» **PROBLEM DETAILS**: When you copy the material below, keep every line exact and omit the pictures.
*** Opening COLLECTED DATA ***
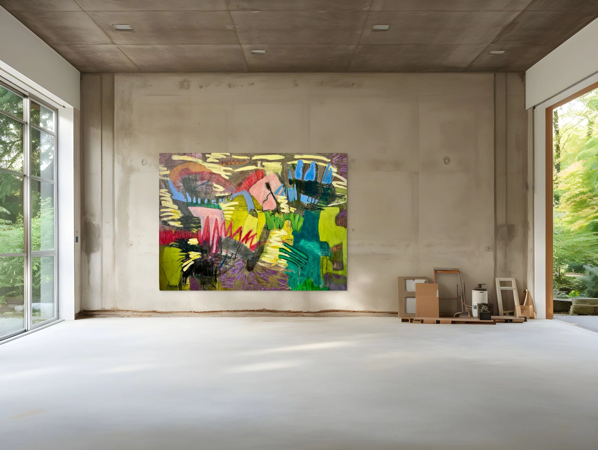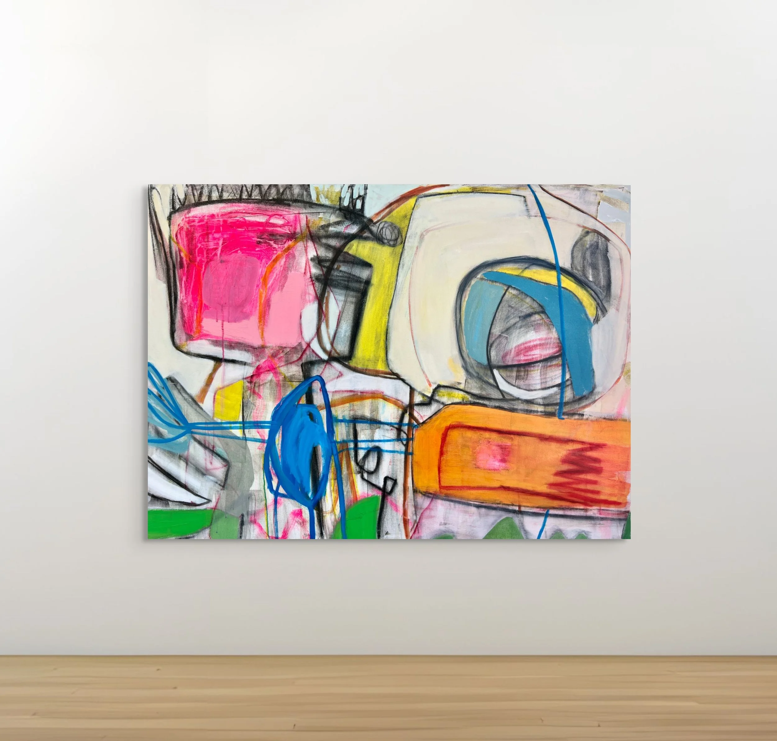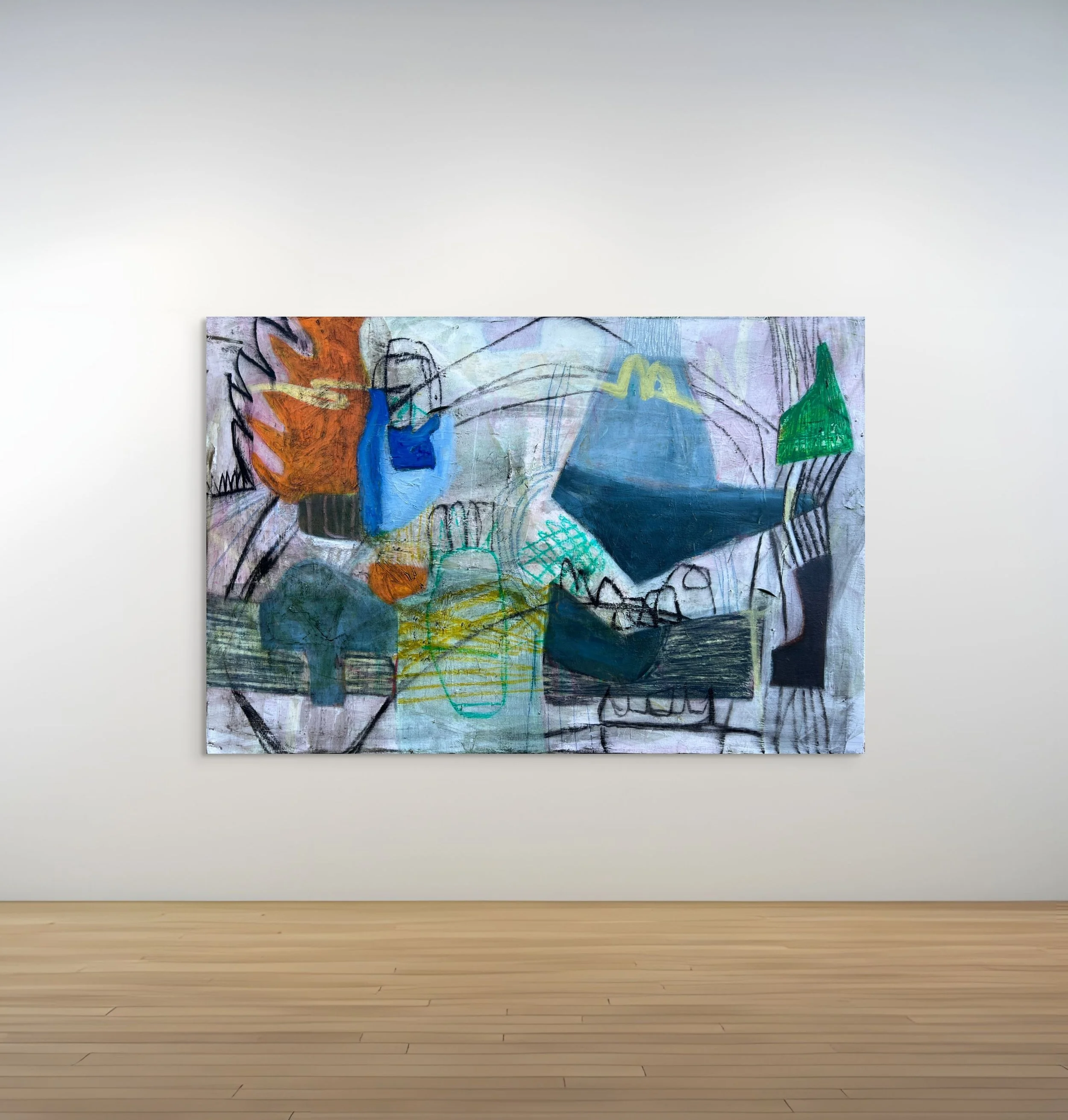 Living Room. 2025. Mixed media on canvas - 36” x 48”
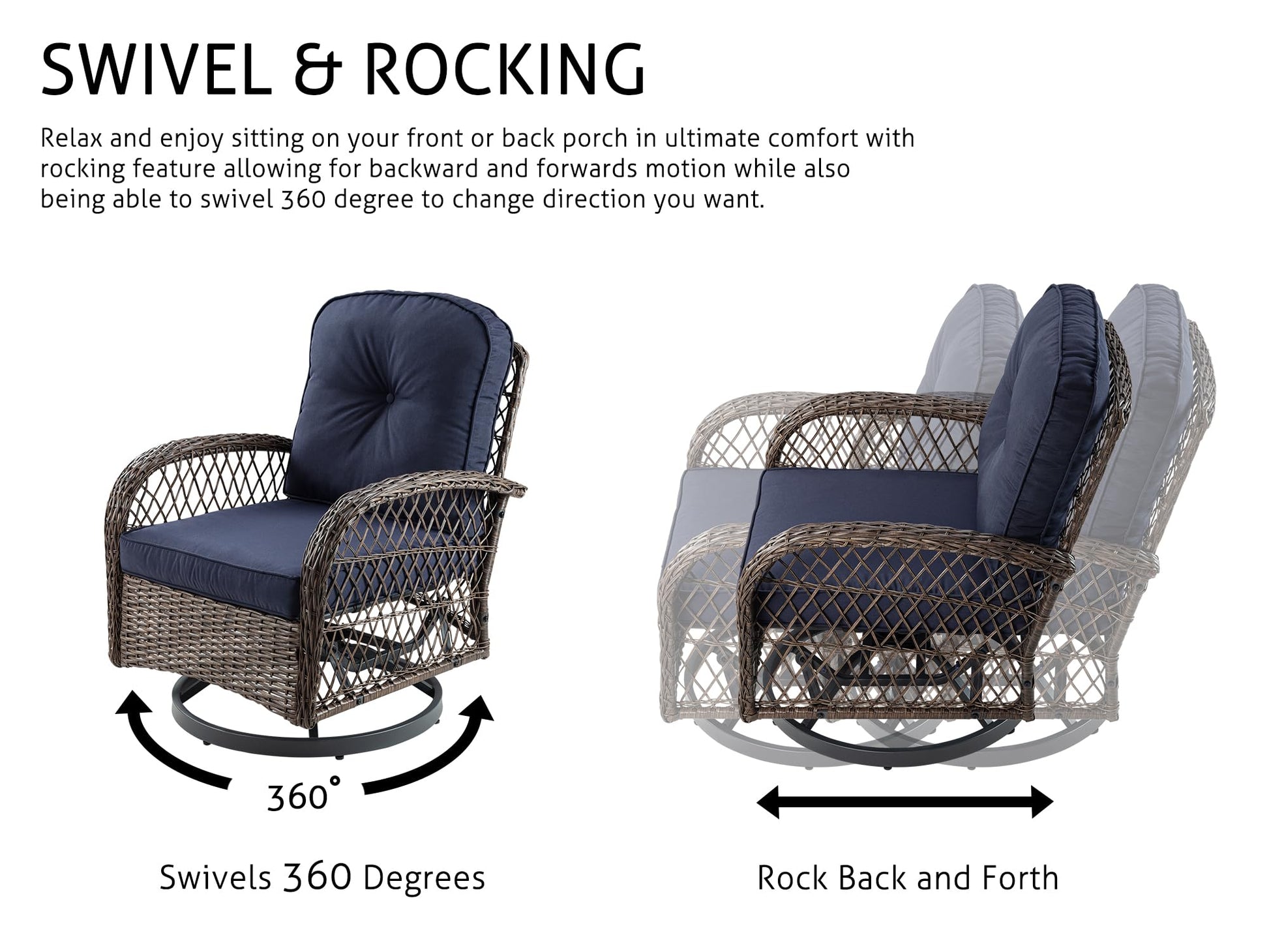 - ROCKING & 360 DEGREE SWIVEL - Full rotation patio chairs allow you to face or leave the sun easily. The unique design of swinging back and forth allows you to enjoy ultimate relaxation.
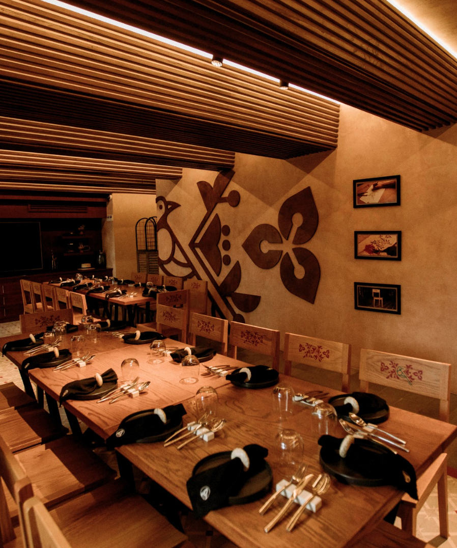 Teya Viva no solo enamora por lo que sirve, también por cómo se siente el espacio. Cada rincón del restaurante está pensado para honrar la herencia de la Hacienda Teya, empezando por objetos traídos desde la hacienda original y un diseño arquitectónico que mezcla tradición y estética contemporánea.
*** Closing COLLECTED DATA ***
» **THE COMPLETED TASK**:
 Living Room. 2025. Mixed media on canvas - 36” x 48”
 - ROCKING & 360 DEGREE SWIVEL - Full rotation patio chairs allow you to face or leave the sun easily. The unique design of swinging back and forth allows you to enjoy ultimate relaxation.
 Teya Viva no solo enamora por lo que sirve, también por cómo se siente el espacio. Cada rincón del restaurante está pensado para honrar la herencia de la Hacienda Teya, empezando por objetos traídos desde la hacienda original y un diseño arquitectónico que mezcla tradición y estética contemporánea.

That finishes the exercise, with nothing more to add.